* _WHAT THE TASK REQUIRES_: Although pictures appear in the records, the copy must leave them out and match everything else exactly.

* _RAW DATA_:
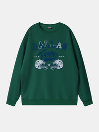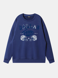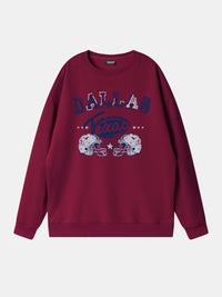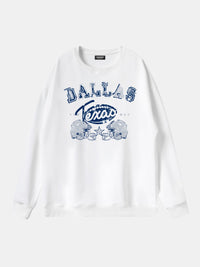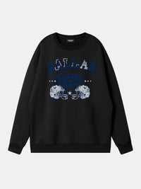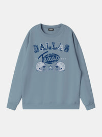 Sporty sweatshirt featuring a distressed collegiate-style "Dallas Texas” graphic with football helmets and star detailing. The vintage-inspired print celebrates city pride and football culture, making it a versatile piece for fans who want to bring game-day energy into their casual wardrobe.
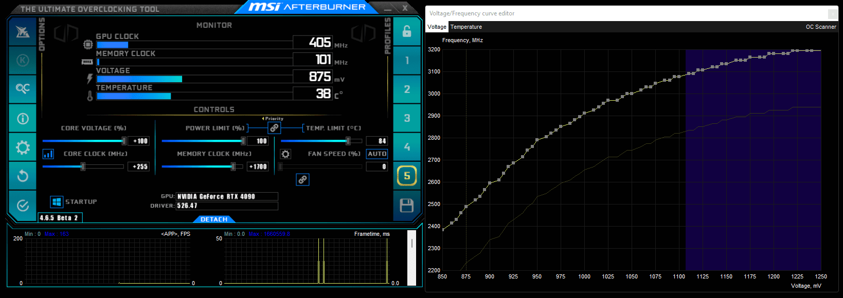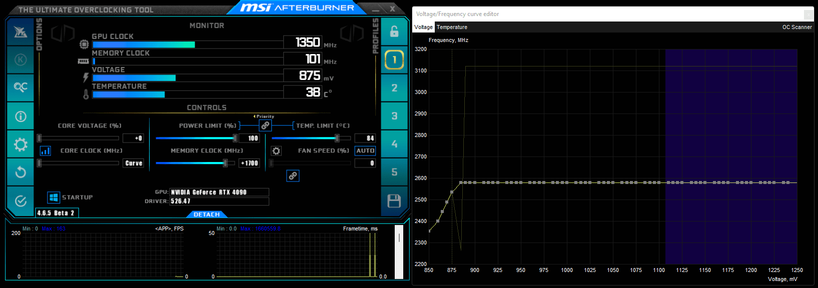 Das ist mir auch mit der 3090 damals schon aufgefallen, jedoch war da sowieso die Kühlung das Problem (unter Luft). Da man jetzt mit den Temperaturen keine Probleme mehr hat mit der 4090, will man halt auch die Leistung rausholen (wenn der Adapter ausgetauscht ist, versteht sich ^^). Dazu benötigt man logischerweise dann eine Reihe von UV-Profilen, am besten so im 25mV-Abstand (von 875 mV bis hoch zu 1.1V). Je nach Spiel bzw. Engine wählt man dann das entsprechende Profil aus, um den gewünschten Verbrauch zu erreichen und ohne ins Powerlimit reinzulaufen (bei mir 450 Watt).
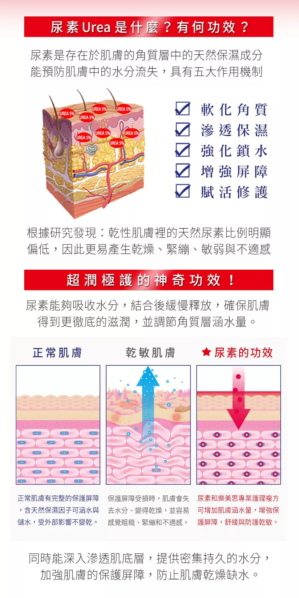尿素能夠深入肌膚補足水分,讓肌膚恢復水嫩更加有彈性。
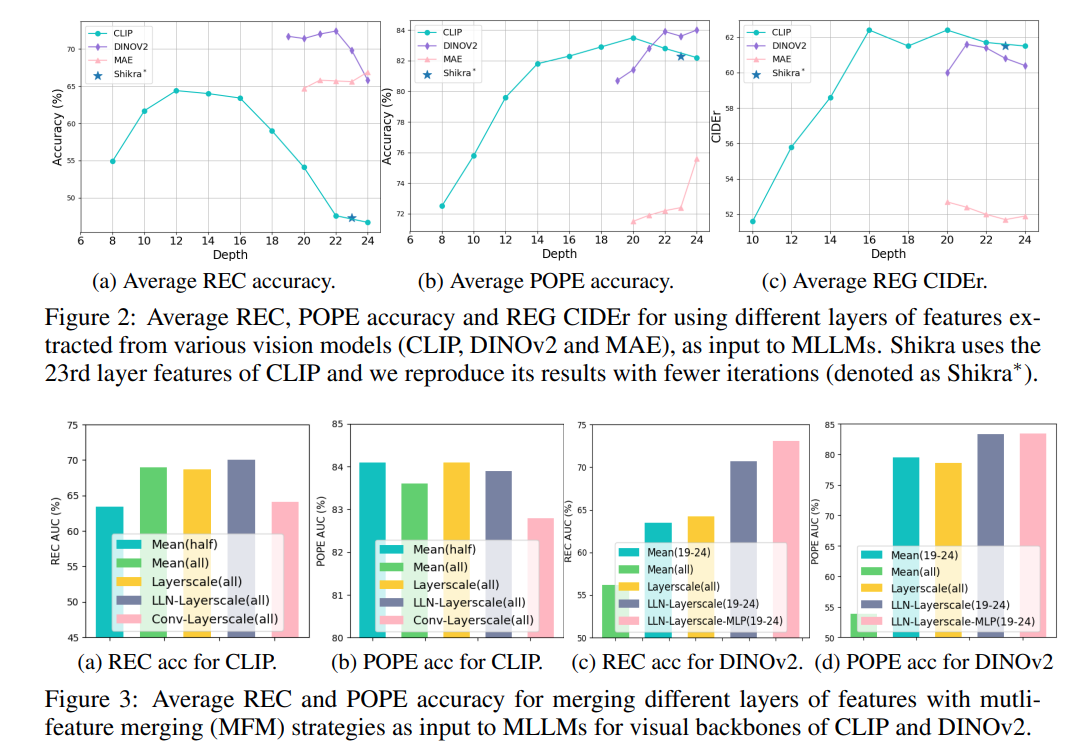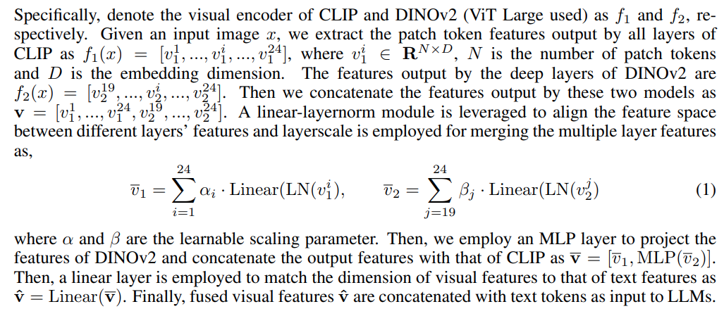 CLIP 의 서로 다른 블락에서 나오는 피쳐들을 잘 Ensemble 해주고, DNIOv2 의 서로 다른 블락에서 나오는 피쳐들을 잘 Ensemble해주고 Concat 해주고 Embedding 해준 피쳐들을 Text Embeddings이랑 잘 LLM 에 넣어주면 VLM의 성능이 올라간다고한다.
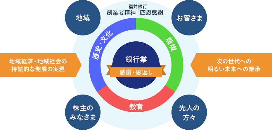 この「四恩感謝」の精神に則り、これまで当行を支えていただいた地域社会に深く感謝するとともに、地域社会の持続的な発展に向けて恩返しをさせていただくことが福井銀行のCSRであると考えています。
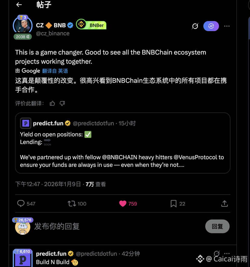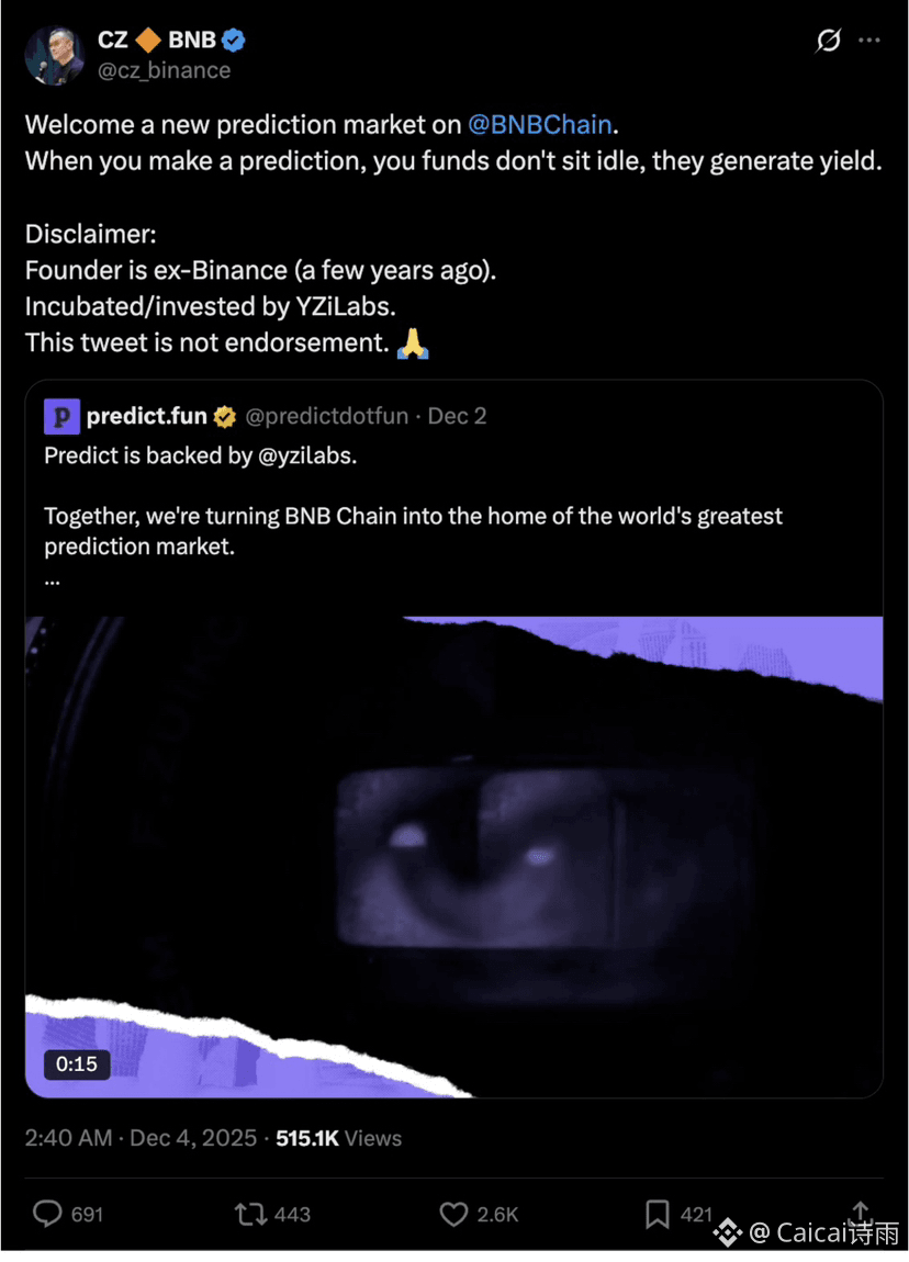 刚好在写这篇文章时候看到CZ有提到Predict.fun

* _EXERCISE ANSWER_:
 Sporty sweatshirt featuring a distressed collegiate-style "Dallas Texas” graphic with football helmets and star detailing. The vintage-inspired print celebrates city pride and football culture, making it a versatile piece for fans who want to bring game-day energy into their casual wardrobe.
 Das ist mir auch mit der 3090 damals schon aufgefallen, jedoch war da sowieso die Kühlung das Problem (unter Luft). Da man jetzt mit den Temperaturen keine Probleme mehr hat mit der 4090, will man halt auch die Leistung rausholen (wenn der Adapter ausgetauscht ist, versteht sich ^^). Dazu benötigt man logischerweise dann eine Reihe von UV-Profilen, am besten so im 25mV-Abstand (von 875 mV bis hoch zu 1.1V). Je nach Spiel bzw. Engine wählt man dann das entsprechende Profil aus, um den gewünschten Verbrauch zu erreichen und ohne ins Powerlimit reinzulaufen (bei mir 450 Watt).
尿素能夠深入肌膚補足水分,讓肌膚恢復水嫩更加有彈性。
 CLIP 의 서로 다른 블락에서 나오는 피쳐들을 잘 Ensemble 해주고, DNIOv2 의 서로 다른 블락에서 나오는 피쳐들을 잘 Ensemble해주고 Concat 해주고 Embedding 해준 피쳐들을 Text Embeddings이랑 잘 LLM 에 넣어주면 VLM의 성능이 올라간다고한다.
 この「四恩感謝」の精神に則り、これまで当行を支えていただいた地域社会に深く感謝するとともに、地域社会の持続的な発展に向けて恩返しをさせていただくことが福井銀行のCSRであると考えています。
 刚好在写这篇文章时候看到CZ有提到Predict.fun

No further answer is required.